Тот виновато склонил голову набок:

— Когда на лошади, протез брать не решается. Не дай бог что, а ремонта у нас своими силами соответствующего нет. Тут уж он берет костыль.

— А когда на лошади едет, костыль у него где?

— За спину подвязывает.

— Концом вверх или вниз?

— Вроде вверх.

Он смотрел на меня во все глаза и отвечал быстро, как таблицу умножения.

— Точно вверх?

— Вроде точно.

— Как ружье?

Он обрадовался:

— Во — как ружье.

— Когда вам на поезд? — спросил я.

— Двадцать два сорок.

— Дела в Москве есть?

Он повертел головой и улыбнулся:

— В магазин бы надо зайти, купить кой–какую мелочишку.

— В шесть часов сможете зайти на двадцать минут?

Мы договорились, что он зайдет в шесть, и я показал ему в окно, как проехать к ГУМу, ЦУМу и магазину «Охота и рыболовство».

Я еще немного постоял у окна, глядя вниз на улицу, не старую и не новую московскую улицу, которую я вижу каждый день и никогда не узнаю до конца. Я глядел на кишащую машинами мостовую, на витрины и на людей, которые неожиданно возникали на тротуарах, у магазинов, у автобусов и так же внезапно исчезали, а улица все менялась и менялась, потому что каждый из них что–то давал ей и что–то уносил с собой.

Я увидел, как мой завхоз вышел из углового подъезда и остановился на краю тротуара, с основательностью периферийного жителя изучая возможности перехода через улицу. Дважды он сунулся было в этот опасный поток, но оба раза торопливо выскакивал на берег.

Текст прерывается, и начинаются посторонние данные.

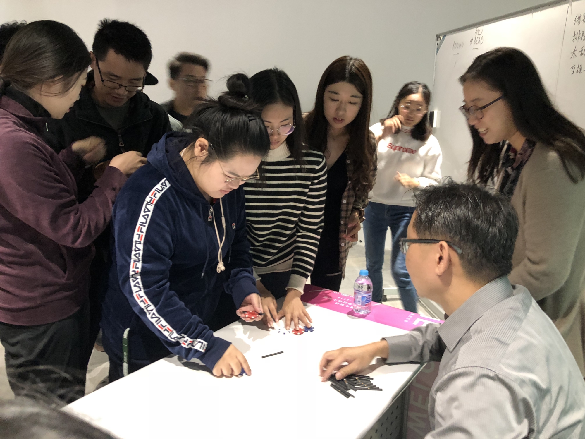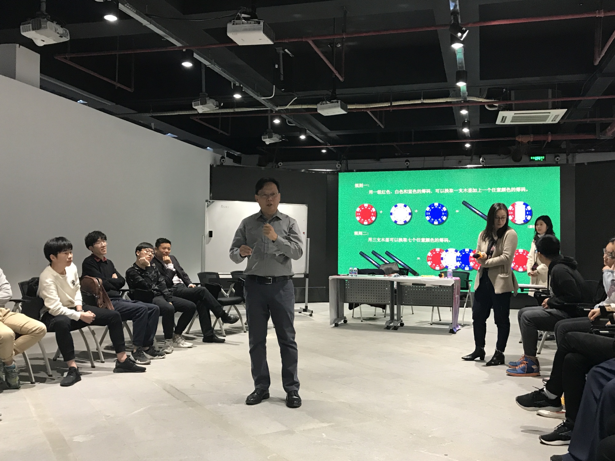 李教授这次带来的讲座采用了别开生面的美国游戏化教学方式展开,现场的28名同学参与了主题为“生存”的游戏体验。游戏道具为28根木签和红、白、蓝三色筹码若干。在游戏开始前,李教授告诉大家游戏的两条规则(规则一:用一组红、白、蓝的筹码可以换取一支木签和一个任何颜色筹码;规则二:用三支木签换取任意七个颜色的筹码),并且发给每位同学两个任意颜色的筹码,同学们需要在有限时间内完成游戏,游戏结束时手中有木签的同学即为存活者,游戏的最终目的是让所有参与者都生存下来。游戏一共玩了七轮。前三轮游戏的最终存活者人数均为半数左右,参与游戏的同学在游戏进程中逐步认识到了团队合作与领导力的重要性。在第四轮游戏开始之前的讨论环节,同学们开始由小组讨论变成集体讨论,并有一个同学站出来作为28人团队的领导者给同学划分不同的角色和任务,但是游戏的结果并没有好转,存活者人数反而更低。同学们开始深入思考游戏的时间问题、团队分组问题、换签排队问题,在不断总结经验教训之后,终于在第七轮游戏中取得非常好的成绩,28人中有27人存活了下来。李教授对同学们在游戏化教学过程中表现出来的团队合作精神、沟通能力大为赞赏,并且对此次游戏化教学做了总结。游戏化教学的方式让学生们积极参与其中,主动思考问题、分析问题和解决问题,并且在此次游戏的参与过程中意识到一个团队或组织中有领导、有分工、有沟通合作的重要性。

Наконец он все же преодолел рубеж, неожиданной рысцой добежал до остановки и в порядке очереди умялся в подошедший автобус.

Я вспомнил все, что он мне рассказывал, что я вычитал из письма и о чем догадался сам. Пока я не слишком ясно представлял себе этого парня, главврача. Но будущий очерк я уже представлял.

Я пошел к Одинцову.

Одинцов, мой косвенный начальник, встав навстречу, некрепко, но с симпатией пожал мне руку, а другой рукой дружелюбно похлопал по плечу.

— Привет, привет, — сказал он. — Ну — живы? Здоровы?

Я сказал, что жив и здоров, что материал взял и послезавтра к концу дня сдам очерк.

— А не фельетон?

— Материал очерковый.

— Ну ничего, — сказал он. — Ваше имя и так не пропустят. Кстати, последний ваш фельетон прошел великолепно: три десятка писем за неделю. Прекрасный был фельетон, особенно финал.

Он улыбнулся, покачал головой и даже губами шевельнул, как бы вспоминая этот самый финал.